W niedzielę rano dwie pracownice kolei państwowych SNCB/NMBS zostały zaatakowane w pobliżu dworca Bruxelles-Midi. Napastnik uderzył je metalowym prętem, raniąc jedną w głowę, drugą w twarz. Zdarzenie wywołało dwugodzinny strajk protestacyjny załogi i ponownie zwróciło uwagę na narastający problem bezpieczeństwa na brukselskich stacjach. Związki zawodowe alarmują, że agresja wobec pracowników kolei stała się zjawiskiem powszednim i domagają się pilnych działań.
Przebieg zdarzenia
Do ataku doszło tuż przed godziną 8:00 od strony placu Victora Horty. Dwie pracownice kas biletowych przebywały na przerwie przed budynkiem dworca. Jak relacjonuje Maxime Van Laere, brukselski przedstawiciel CSC Transcom, napastnik podszedł do nich od tyłu i uderzył metalowym prętem — jedną w głowę, drugą w twarz.
Poszkodowane schroniły się wewnątrz dworca, gdzie ich współpracownicy zawiadomili służby ochrony Securail. Obie kobiety złożyły zawiadomienie na posterunku policji znajdującym się na terenie stacji, po czym trafiły do szpitala. Do domów wróciły wczesnym popołudniem.

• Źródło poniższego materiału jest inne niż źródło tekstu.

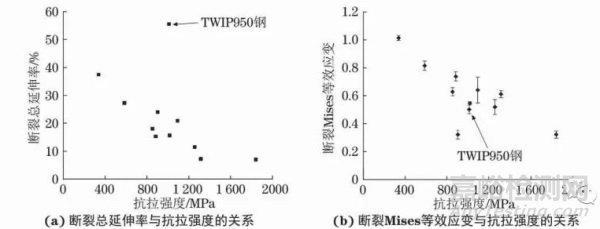 圖6 所有材料的斷裂總延伸率與抗拉強度的關(guān)系以及斷裂Mises等效應(yīng)變與抗拉強度的關(guān)系
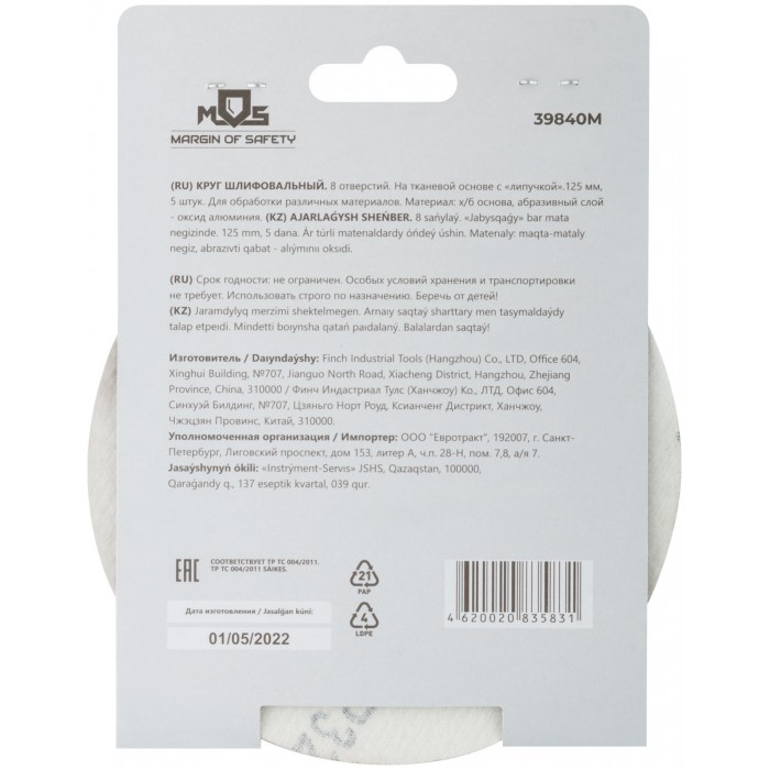 Круги шлифовальные с отверстиями (липучка), алюминий-оксидные, 125 мм, 5 шт. Р 320 (39840М)

Napastnik, który według świadków może zmagać się z zaburzeniami psychicznymi, wciąż nie został zatrzymany.
Protest personelu
W odpowiedzi na atak pracownicy dworca natychmiast przerwali pracę na dwie godziny, zwracając uwagę pracodawcy i opinii publicznej na narastające zagrożenie, z jakim mierzą się każdego dnia.
Związki zawodowe: to codzienność
Przedstawiciele CSC Transcom ponownie podkreślają skalę problemu. Sytuacje podobne do niedzielnej mają zdarzać się codziennie, nie tylko na brukselskich stacjach. Jak zauważa Van Laere, za falą agresji stoją głębsze problemy społeczne, takie jak ubóstwo, uzależnienia, choroby psychiczne czy przemoc.
Związkowiec wskazuje jednak, że część działań leży w gestii przewoźnika. Postuluje m.in. zaprzestanie redukcji personelu, unikanie organizacji pracy prowadzącej do izolacji pracowników oraz rezygnację z decyzji zwiększających ryzyko konfliktów — jak zakaz płatności gotówką za bilety na dworcu Bruxelles-Midi po godzinie 20:00.
Wniosek o nadzwyczajne posiedzenie
W reakcji na niedzielny atak CSC Transcom wystąpił o pilne zwołanie nadzwyczajnego posiedzenia komisji ds. prewencji i ochrony w miejscu pracy (CPPT/CPBW). Związek wyraża nadzieję, że obrady odbędą się jeszcze w tym tygodniu i pozwolą wypracować konkretne środki poprawiające bezpieczeństwo personelu.